There are two subclasses of supervised learning:
- Regression: predicting a numeric
- Classification: predicting a category
An overview of unsupervised learning
The goal of unsupervised learning is to explore a dataset and discover similarities between objects. These similarities define groups of objects (AKA clusters). Unlike with supervised learning, these algorithms do not require labled example datasets to train on. Instead the algorithm works by grouping together objects based on similarities in can find in the dataset. We will dive deeper into unsupervised learning in class 3 of this series.
Unsupervised learning results can be harder to interpret than supervised machine learning. This is a direct result of the fact that these algorithms do not take in labled data. Since the data is unlabeled we are unable to “tell” the algorithm what output we are looking for.
Further, because there is no need for labeled data, unsupervised algorithms only have one step: fitting. Unsupervised machine learning algorithms have underlying models that they use to determine how similar objects are and create groupings. Fitting is the stage where the algorithm runs the data through the model.
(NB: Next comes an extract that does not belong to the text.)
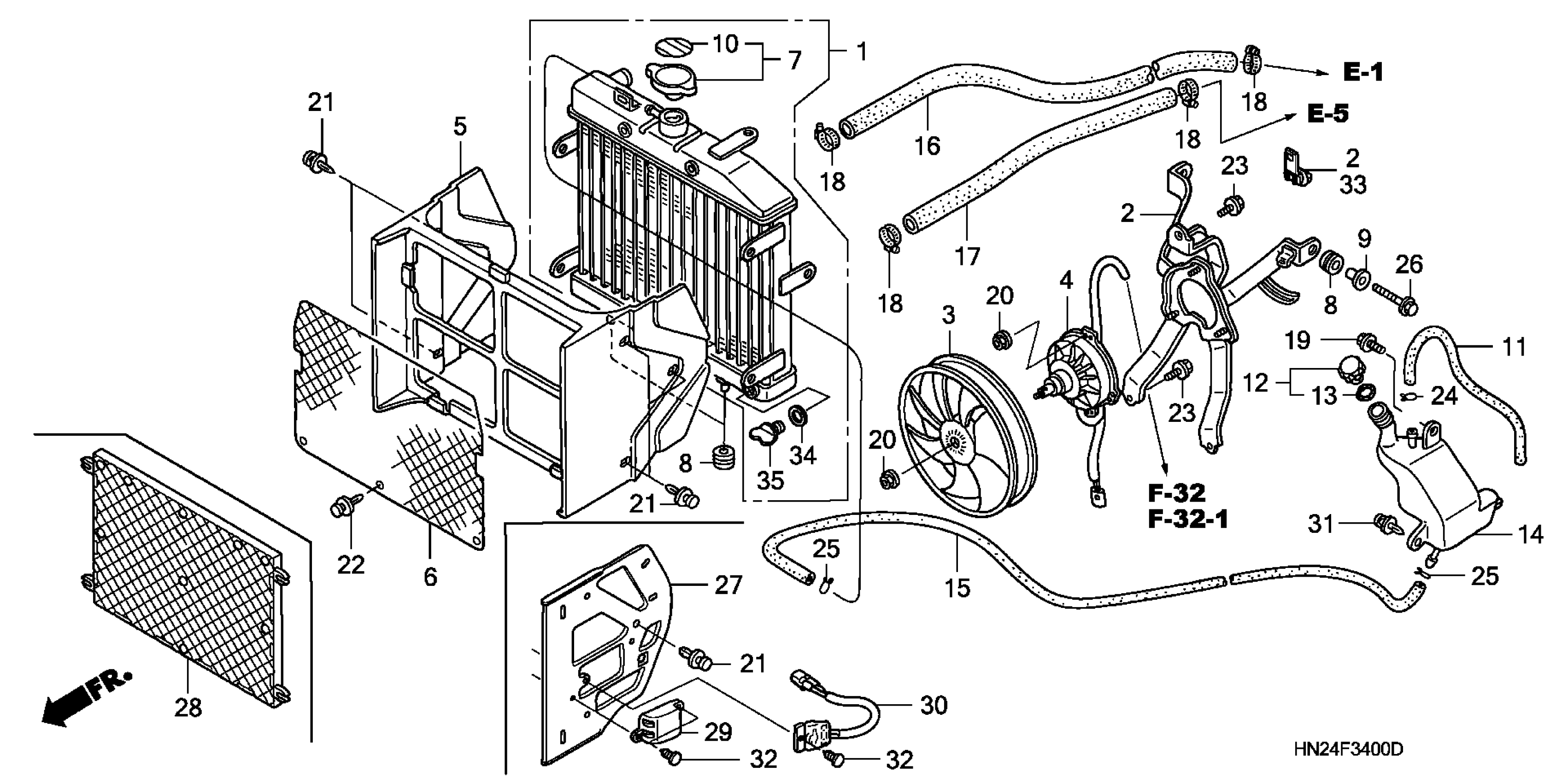 Honda TRX500FAA (04) FOURTRAX FOREMAN RUBICON, USA, VIN# 478TE260-44300001 TO 478TE260-44399999 RADIATOR Diagram

There are two subclasses of unsupervised machine learning:
- Unsupervised transformations: Create a new representation of a complex dataset that is easier to understand than the original.
- Clustering: Partition data into distinct groups of similar objects.
Challenge!
Determine whether the following problem statements are supervised or unsupervised machine learning.
- Based on genetic data which species of birds are more closely related?
- What demographic sub groups exist of people that like Horror movies?
- Can we determine if an email is spam based on the text in the email?
- Given a database of images can we pull out all the distinct faces?
click here to go to solutions page
Wrapping up
Today, we briefly explored some of the main ideas we will be covering throughout this course including exploratory data anlysis, dataset collection, and supervised and unsupervised learning concepts and methods. For further reading on these topics check out the optional materials below.
Next class we will dive deeper into supervised learning. We will discuss more about data collection and how it relates to supervised learning, examine classifcation and regression methods, practice identifying and writing problem statements, and discuss common issues with supervised machine learning like over-fitting.